А еще Сивилл заботился о нем изо дня в день, и Диниэр не был уверен, что у него поучилось бы так же. Сивилл его поддерживал. Он по определению не мог иметь на полуживого эльфеныша никаких целей и планов, но из них двоих — Сивилл первым сделал шаг навстречу. Сивилл знал все, что с ним случилось, но не лез в душу и даже не упоминал ни о чем личном, пока не заговаривал он сам. И Сивилл ему доверял: не задумываясь и не скрываясь. Вот как-то просто так, ни с того ни с сего… Глупость, наверное, — но такая драгоценная глупость! Сивилл его защищал тогда, зная, что рискует, и чуть не умер поэтому…
Ни о ком другом: человеке ли эльфе, — Динэ не мог сказать и половины перечисленного, не покривив душой.
Так что удивительного в желании чтобы именно этот человек считал его достойным? Чтобы знал, что его усилия не были напрасной тратой времени. Заслужить пусть малую толику уважения.
— Прости!! Прости меня… Я просто стоял и смотрел!
Ну вот, он это и сказал.
Сивилл поморщился:
— Не надо! Я все помню. У тебя глаза были — как будто небо на землю рушится… — смутившись, юноша умолк не договорив.

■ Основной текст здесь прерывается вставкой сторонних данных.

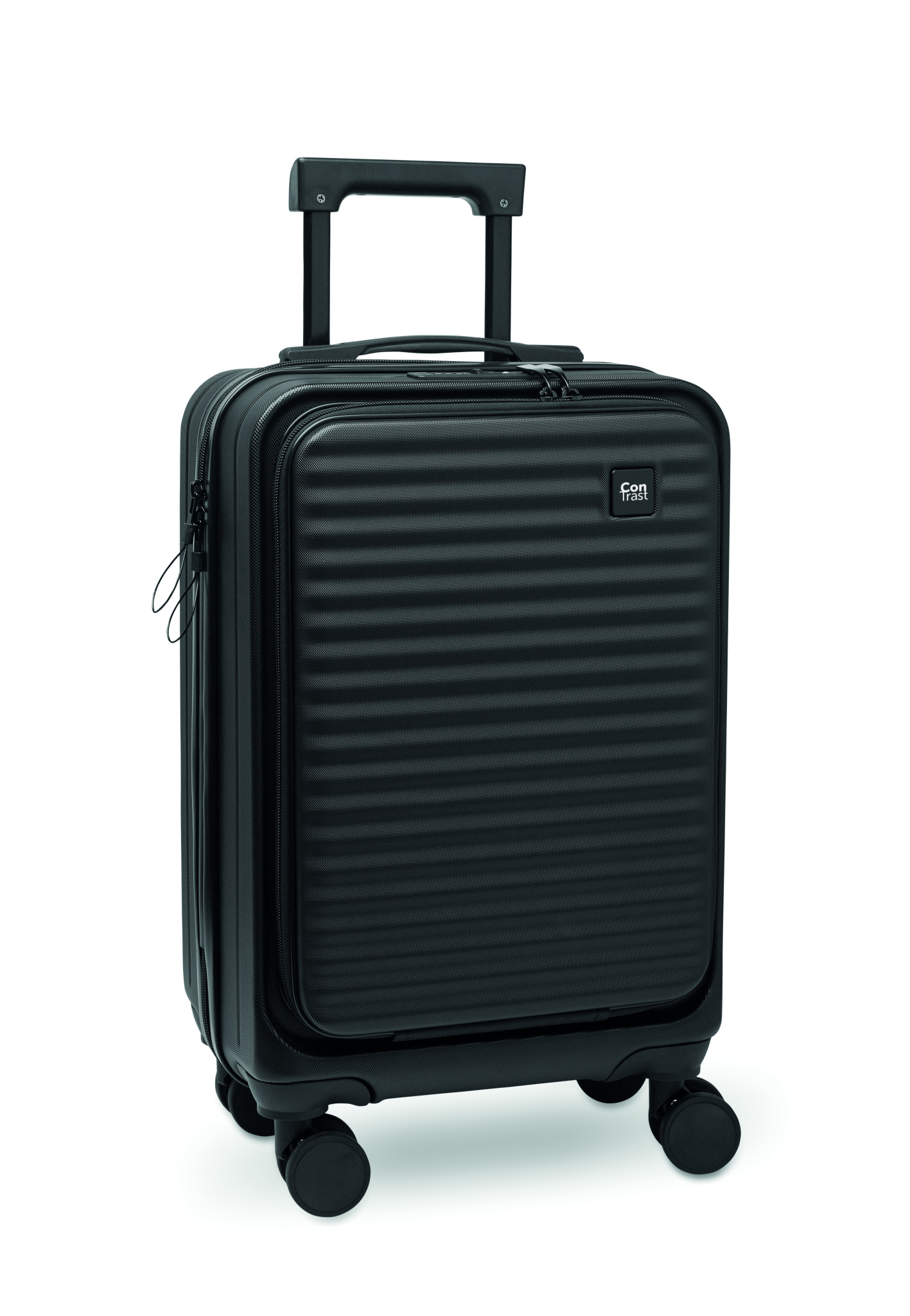 20 inch hard-shell trolley in ABS. 1 main compartment with inner compartment. Additional front zippered compartment for documents and padded 15'' laptop compartment. Includes a security lock (TSA). Rides on 4 wheels.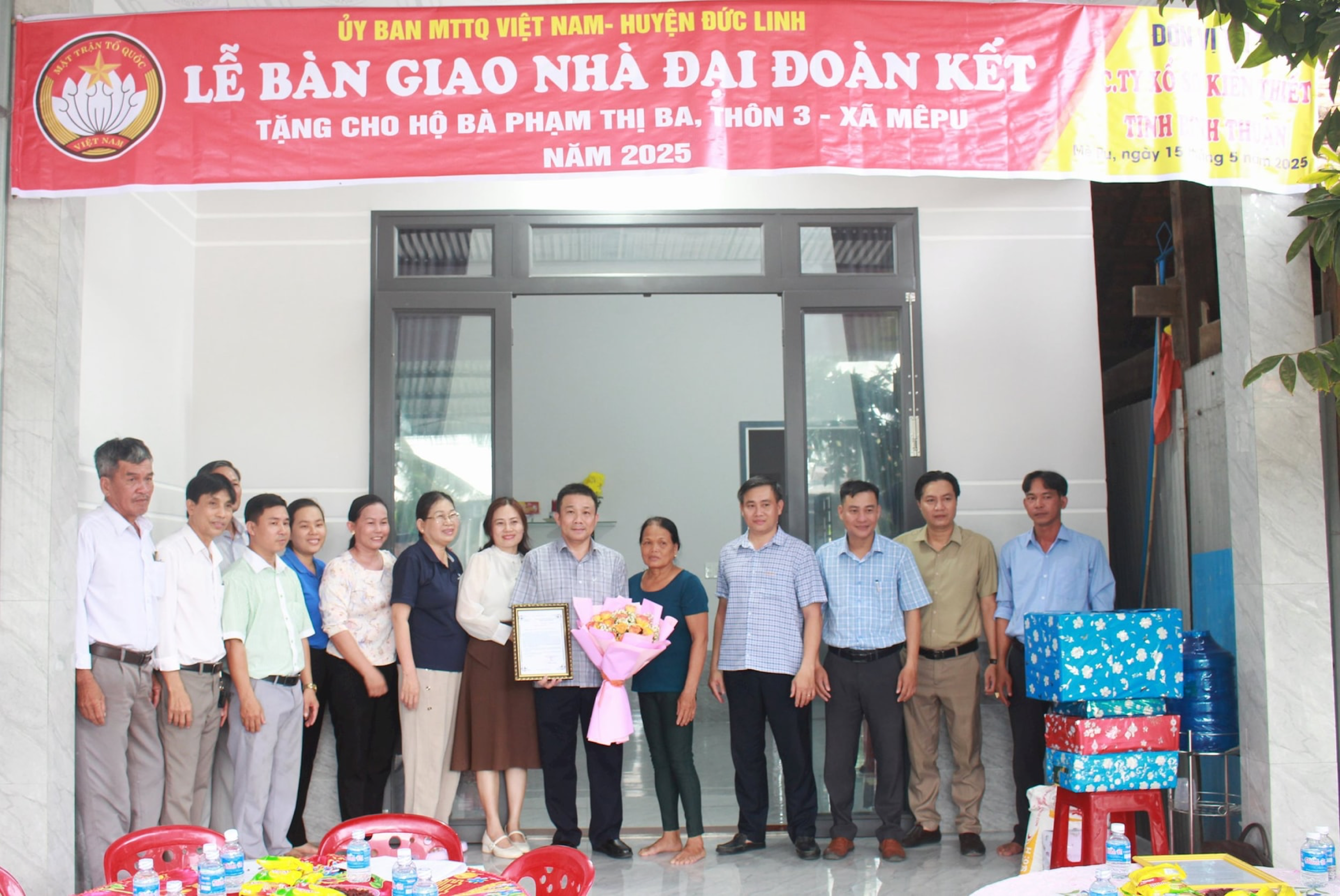 Công ty TNHH MTV Xổ số kiến thiết Bình Thuận vừa phối hợp với UBMTTQ Việt Nam huyện Đức Linh tổ chức lễ bàn giao 3 căn nhà “Đại đoàn kết” cho các hộ dân có hoàn cảnh khó khăn trên tại xã Mê Pu, huyện Đức Linh (Bình Thuận).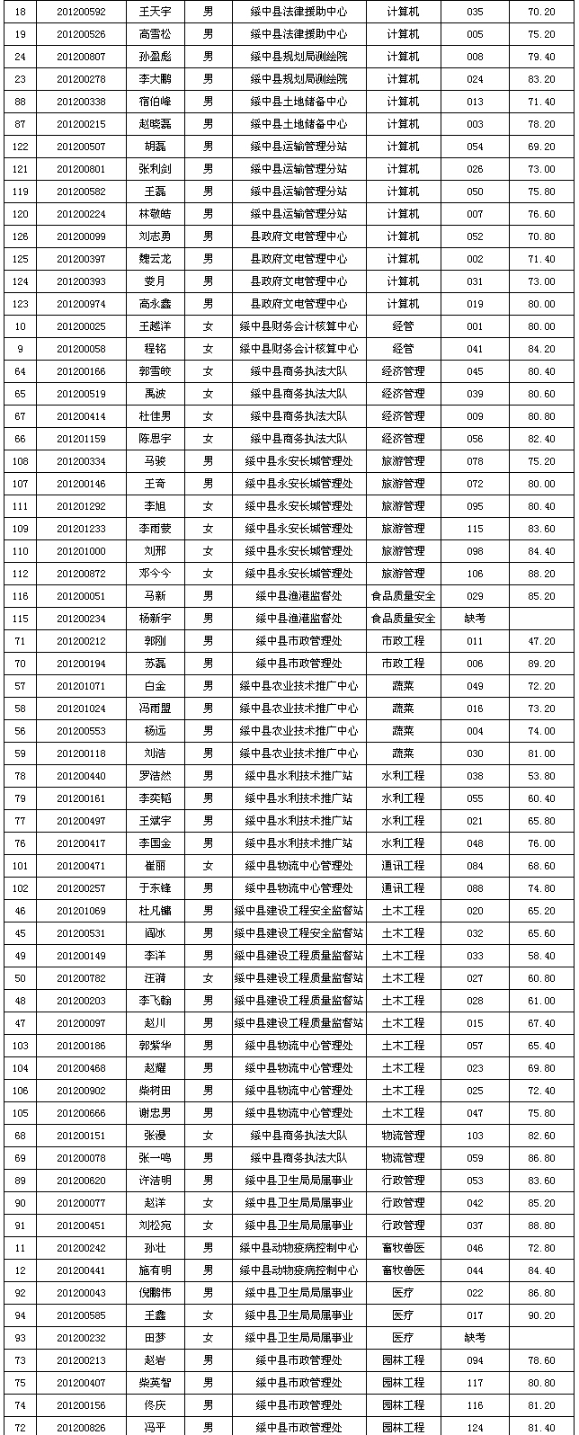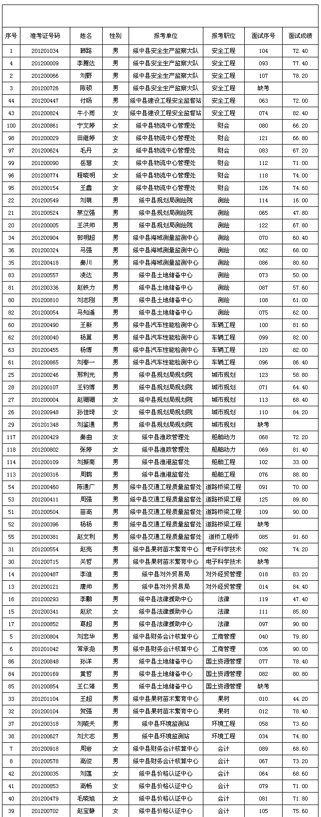 葫蘆島市綏中縣事業(yè)單位招聘面試成績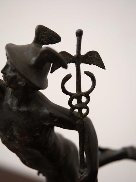 Starožitnost: Bronzová socha Merkura na mramorovém podstavci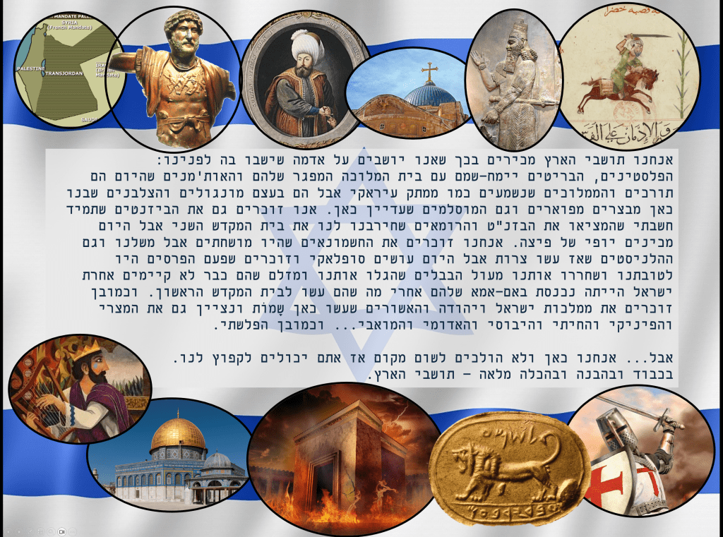 אז החלטתי, בתור שירות לציבור לייצר שקופית Land Acknowledgement עבורינו כאן בארץ הקודש. קצת קשה להכניס את הכול לשקופית אחת אבל בכל זאת ניסיתי:

— Похоже… — согласился Диниэр.
— Хорошо, что ты вернулся, — просто сказал Сивилл, заставив Динэ слегка улыбнуться.
Ощущение было странным, с трудом определимым: если мастер Фейт всегда мог найти нужное слово, то Сивилл пожалуй, обладал не менее исключительным талантом: к месту промолчать. Возможно, позже Диниэр сможет рассказать и остальное, что сейчас пропустил: как очнулся от боли в выкрученных руках, и боль эта была несравнима с той, что гнездилась в сердце: боль понимания, а не предательства и понимания предательства, когда все иллюзии были сорваны… О тяжелой пощечине, оборвавшей все, что он пытался сказать. Как приходя в сознание, безнадежно пытался ослабить веревки и снова взывал к Душе леса и не ощущал отзыва… Как бился в них, обезумев от знакомого липкого страха перед беспомощностью…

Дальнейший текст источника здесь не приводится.